Josh Albert: Mm-hmm (affirmative).
Mark O’Brien: We look at the facts and make some decisions and then move forward and but this constant analysis of proof. But that particular initiative, I think a lot of listeners would think, wow, that’s a ton of work. As with so many things, especially if you’re doing it on your own, the first time through is the most difficult time and then you figured out a process. What does content marketing look like today? How often are you producing these really deep guides now? How often does that happen over the course of a year or so?
Josh Albert: The deep dive guide is something that we’ve done a handful of times. I think we’ve done maybe now on average two a year. We’ve shifted to doing them on actual capabilities, practice areas versus the industry so we’ve sort of experimented both ways with it. What I’ve found, and I think what we’re working towards this year into next year is going back to really using that large piece of content to drive our program. Because what we found four or five years ago was when we developed that one I think it was 30, 40 page piece of content, really heavy, that we were able to chunk it out into so many different ways. It helped to drive efficiency because there’s this continuous battle for internal resources as everybody that’s listening to this podcast understands.
Josh Albert: So you can get folks rallied around developing one large piece of content. Then you can pass that off and somebody else can take it and chunk it up into blog posts, chunk it up into social posts, infographics and other things from it to really drive the program for six, 12, 18 months or more, just depending on how it fits into your goals. So that’s something that I think we’re getting back to. We had kind of experimented with a cadence of I think we’re at about three blog posts a month that we’re doing right now. They don’t always tie into industry or audience-specific topics, but they do have this slant towards complex industries and marketing within those specific environments.
Josh Albert: But they tend to come from our broader team. So of the 90 people that we have in the firm, I would say we have as many as maybe 15 contributors, maybe even 20 contributors to our blog.
Mark O’Brien: Incredible.
Josh Albert: It certainly is and it’s great that we have so many folks from our partners all the way down through to some of our account executives and subject matter experts on different topics that want to share their specific opinions as it relates to marketing and the experience that they bring.

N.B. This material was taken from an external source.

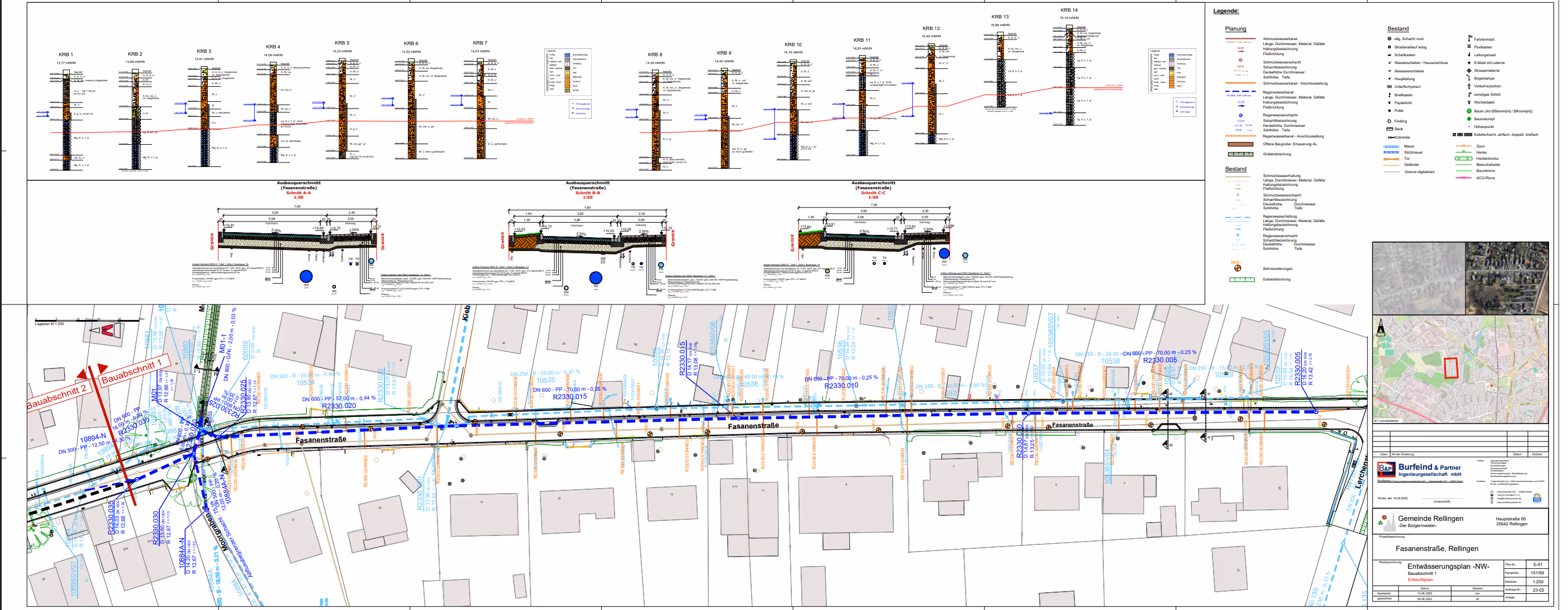 Das Projekt „Ausbau Fasanenstraße“ in Rellingen umfasst die umfassende Sanierung der unterirdischen Infrastruktur sowie den anschließenden Ausbau des Straßenraums. Die Maßnahme wird mehrstufig umgesetzt und befindet sich derzeit in der Ausführung.

One of the reasons why that works well for us as we were talking about, so we’re a 90 person firm with two partners and there’s four people on the senior leadership team including myself, and so we’ve experimented and we’ve talked about, okay, should the content really only come from the partners and from the senior leaders in the firm?

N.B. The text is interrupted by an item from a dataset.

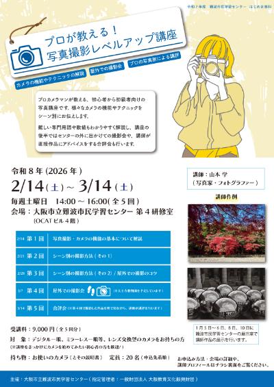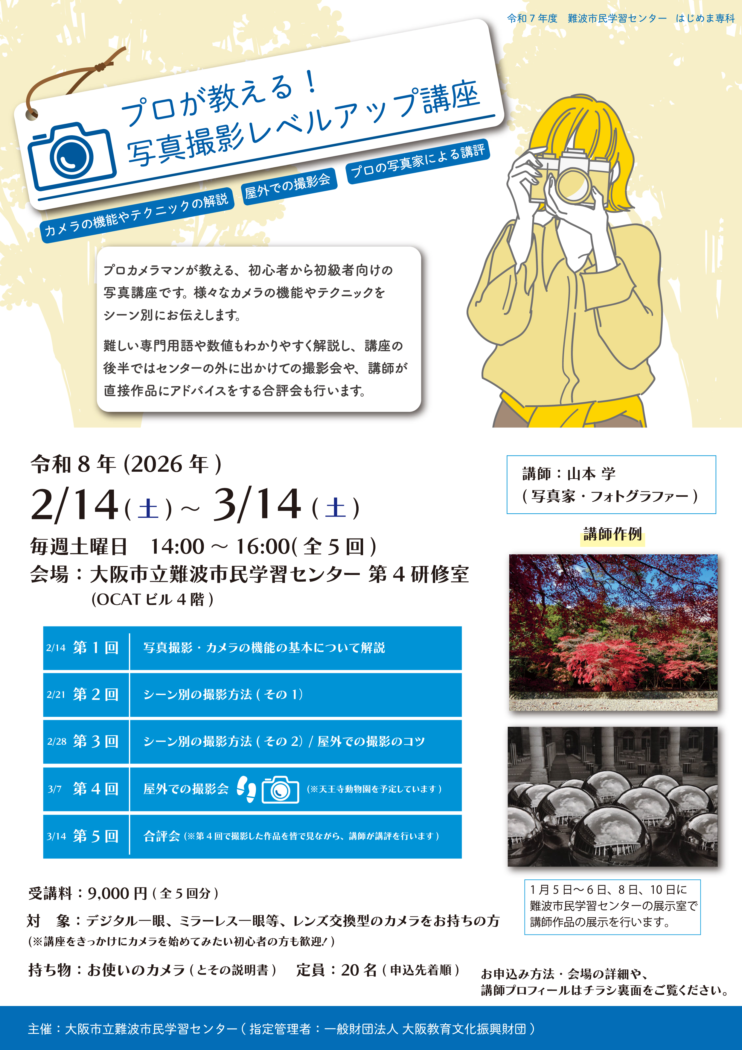 | 申込・問合先名 | 大阪市立難波市民学習センター http://www.osakademanabu.com/namba/ |

Josh Albert: What we’ve found over the years is that our clients are interfacing with our teams and our team members are the folks that are really making these engagements successful and they have something to share. So that’s kind of how we grew it to the 15 or 20 that we have now is we just know that there’s so much valuable input that they can bring to our content marketing program and then it’s just on us to really provide that sound content marketing strategy, what the topics shouldn’t be. That’s just a continuous refinement process, as you know.
Mark O’Brien: Of course. It takes a lot of effort to build up to that. There needs to be a certain level of cache to this in order for 20% of the company to voluntarily want to be part of it. That’s a lot. You’re not mandating this, these people want it. It’s almost a perk of the job. It’s a career benefit to them to be able to be published on the godfrey.com platform, right?
Josh Albert: Right, and I think over the last couple of years we’ve had about five different team members out speaking on behalf of the firm and our expertise in those things and they bring their own perspective to that. So yes, in some way it’s a platform to help elevate some of our key team members to give them a voice, to help them find a way that’s really unique for them to contribute to the success of the agency now and in the future. So it’s just worked really well for us. Of course, it comes with the pros and cons of elevating team members if they are staying with the firm or if they end up moving on and so you can have a whole debate about that as well. It’s just a model that right now for us we found has worked really well.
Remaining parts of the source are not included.